Other actives included Midas and Allied Tech.
Active index stocks included Keppel Corporation, up S$0.23 or 2.67 per cent at S$8.86; and DBS shares trading up S$0.01 or 0.04 per cent at S$26.59.
On Tuesday, the Dow posted the largest decline since May, as healthcare shares sank on worries about Amazon's push into the sector, AFP said.
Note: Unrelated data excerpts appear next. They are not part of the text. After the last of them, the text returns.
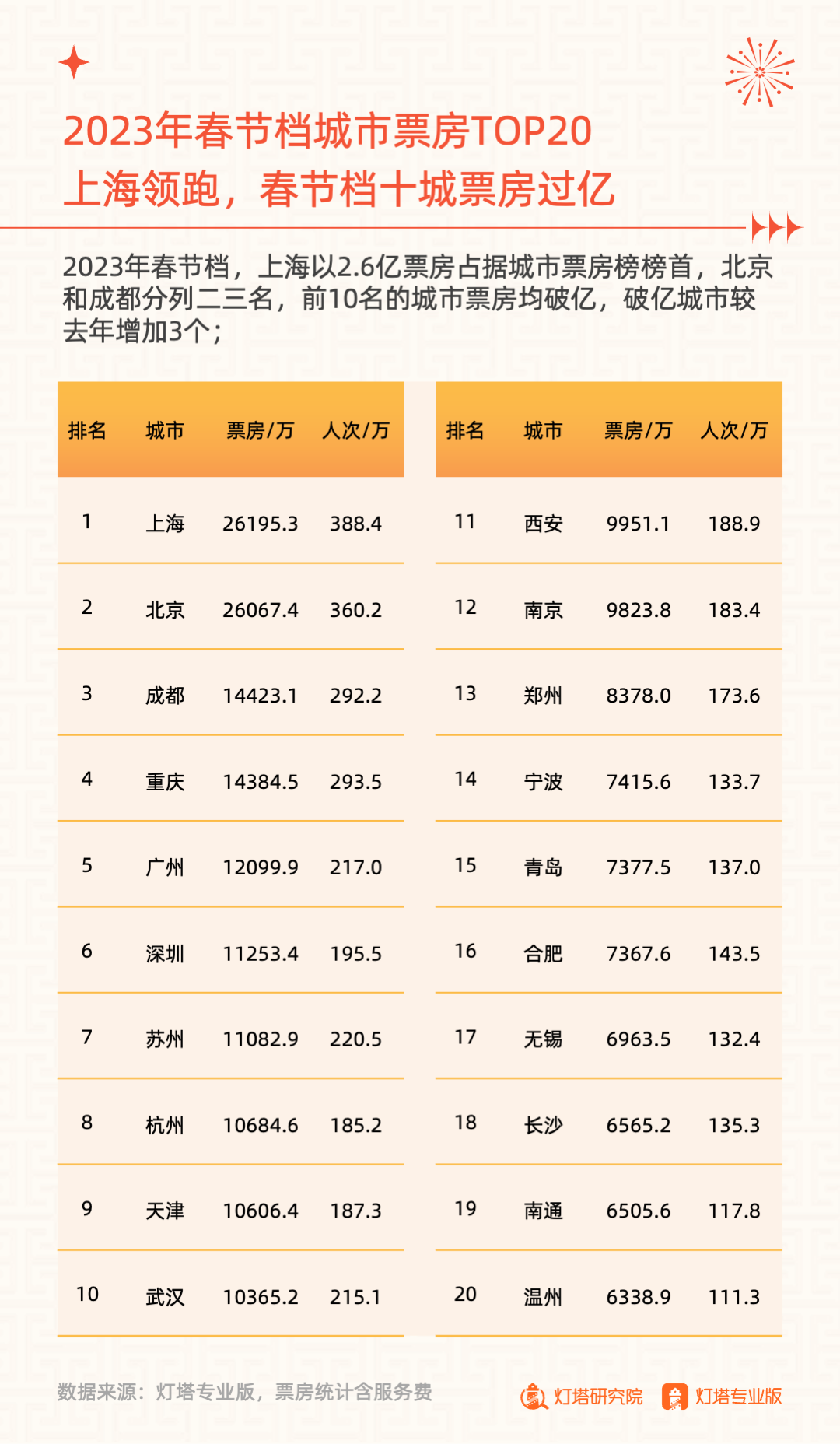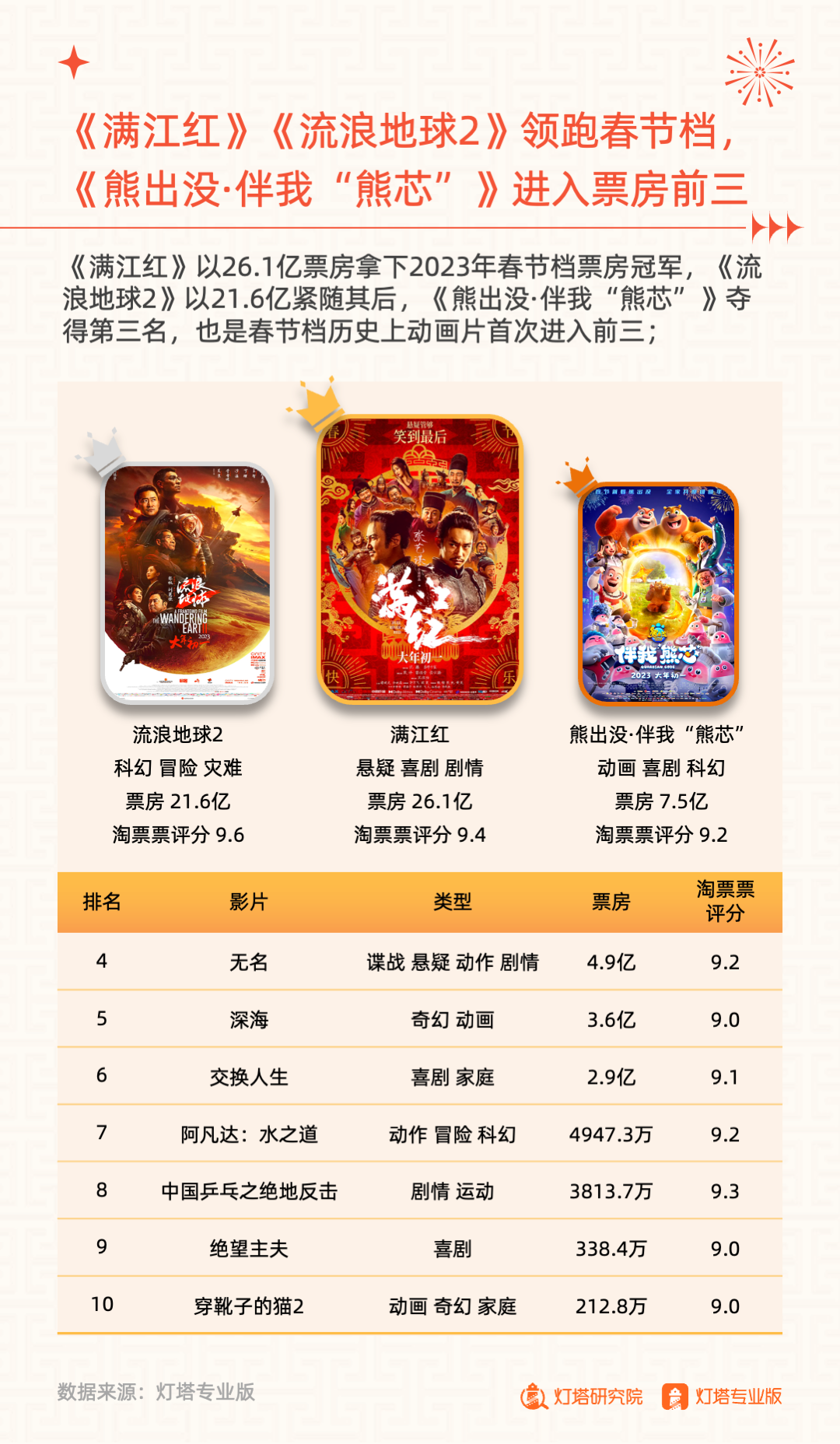 据国家电影局初步统计,2023年春节档电影票房为67.58亿元,观影人次为1.29亿。《满江红》《流浪地球2》《熊出没·伴我“熊芯”》分别以26.1亿、21.6亿、7.5亿列档期内票房前三名。从档期票房看,今年春节档超越了去年的60.39亿元,成为中国影史春节档票房第二位,距离2021年78.42亿元的“史上最强春节档”亦不遥远。从疫情中走出的中国电影市场,有望在今年重攀高峰。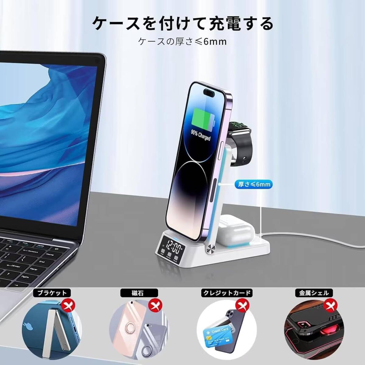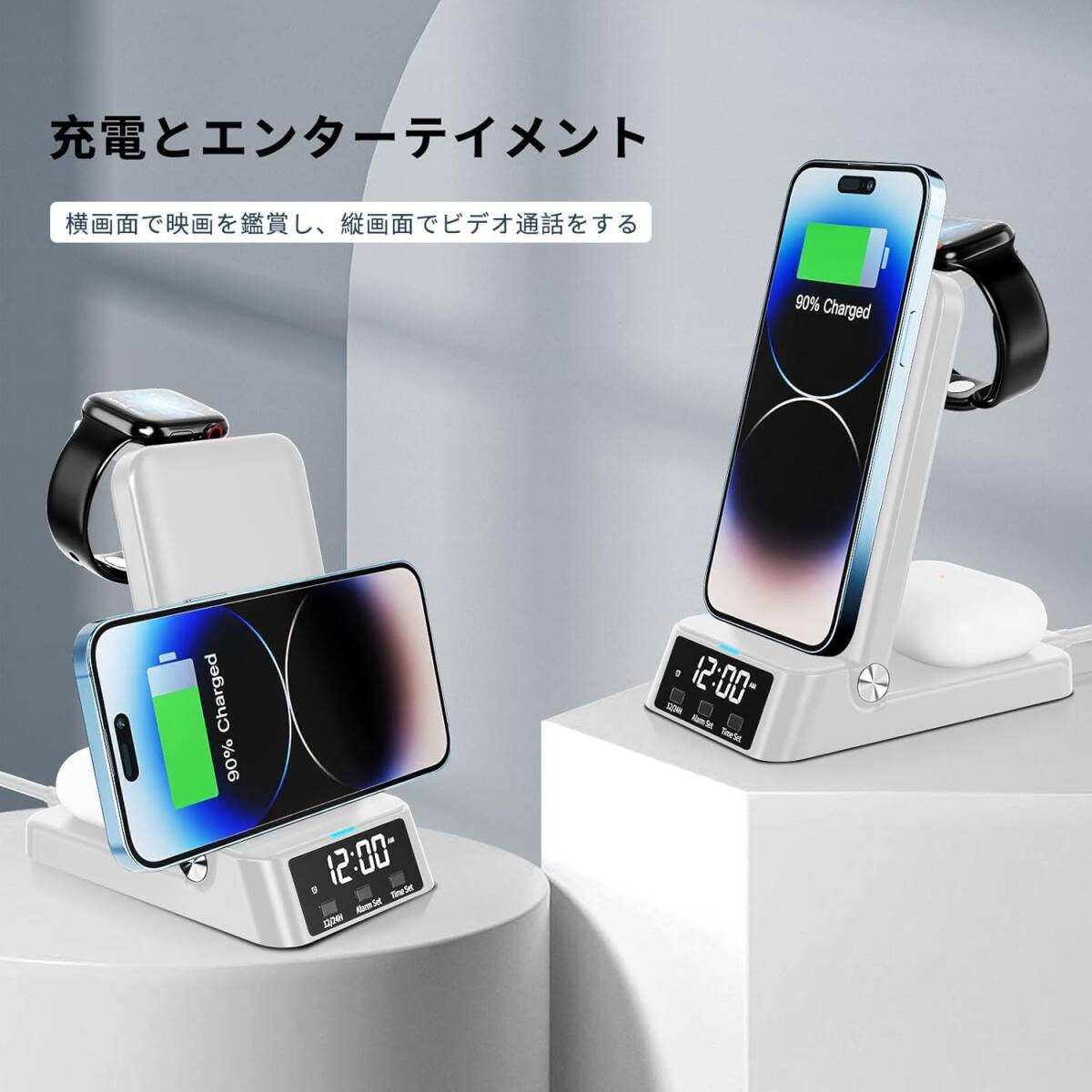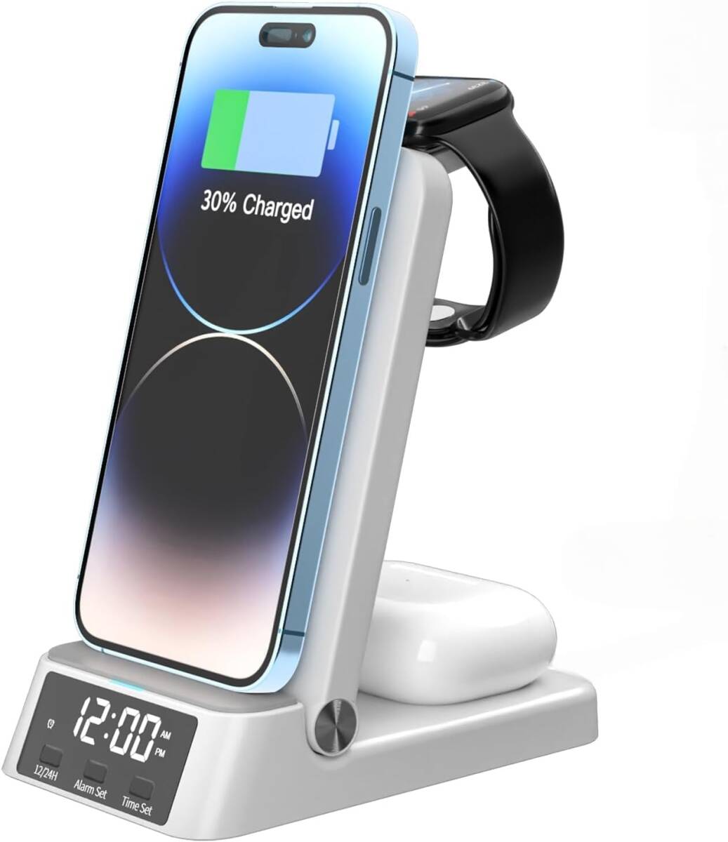スタイリッシュな男前デザイン 時間も分かる 4 in 1 ワイヤレス充電ステーション、急速充電器 充電スタンド 折りたたみ式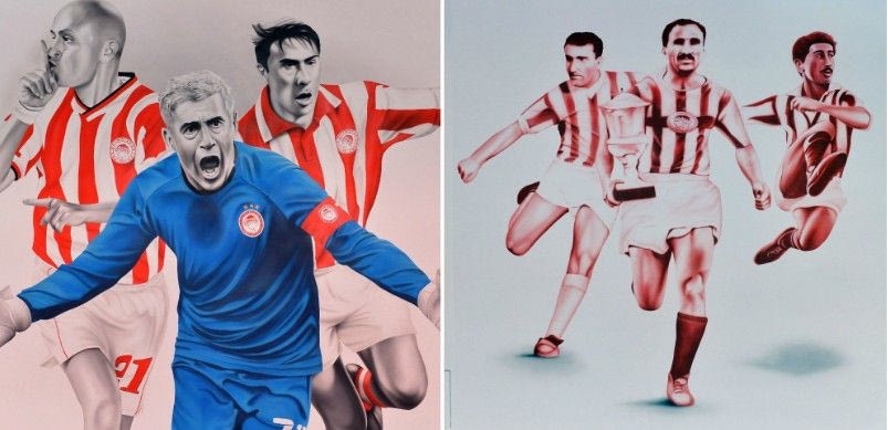 Μετά και τη νέα ανακαίνιση των αποδυτηρίων του “Γεώργιος Καραϊσκάκης” μορφές όπως αυτή του Γρηγόρη Γεωργάτου, του Αντώνη Νικοπολίδη και του Βασίλη Καραπιάλη, κοσμούν πια το χώρο.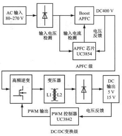 圖2 采用兩級(jí)型APFC的高功率因素開(kāi)關(guān)電源結(jié)構(gòu)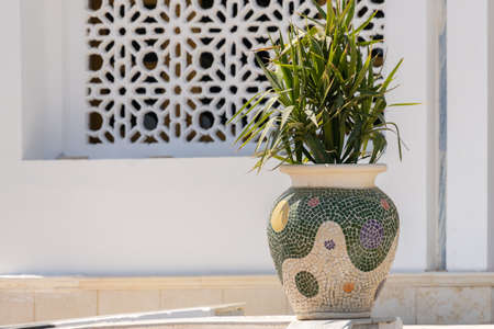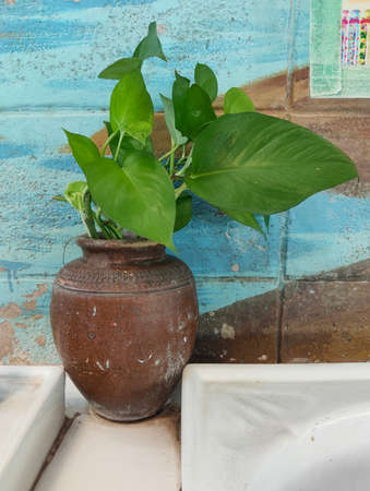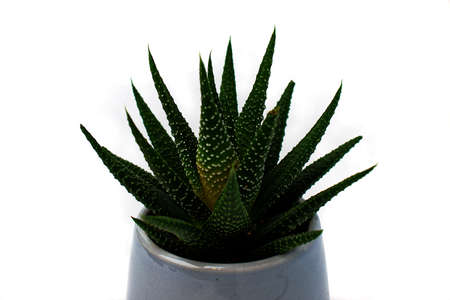 Succulent aloe vera dark green plant in an old brown pot on the white wall background

The Dow Jones Industrial Average fell 1.4 per cent to 26,076.89, the biggest drop in percentage terms in more than eight months.
The broad-based S&P 500 fell 1.1 per cent to 2,822.43, while the tech-rich Nasdaq Composite Index shed 0.9 per cent to 7,402.48.
Shares in Japan and Australia were trading lower in early Wednesday trading, although stocks in South Korea bucked the trend, Bloomberg said.
Japan's Topix index sank 0.4 per cent as at 9.25am in Tokyo. Meanwhile, Australia's S&P/ASX 200 Index slid 0.3 per cent and South Korea's Kospi index rose 0.2 per cent.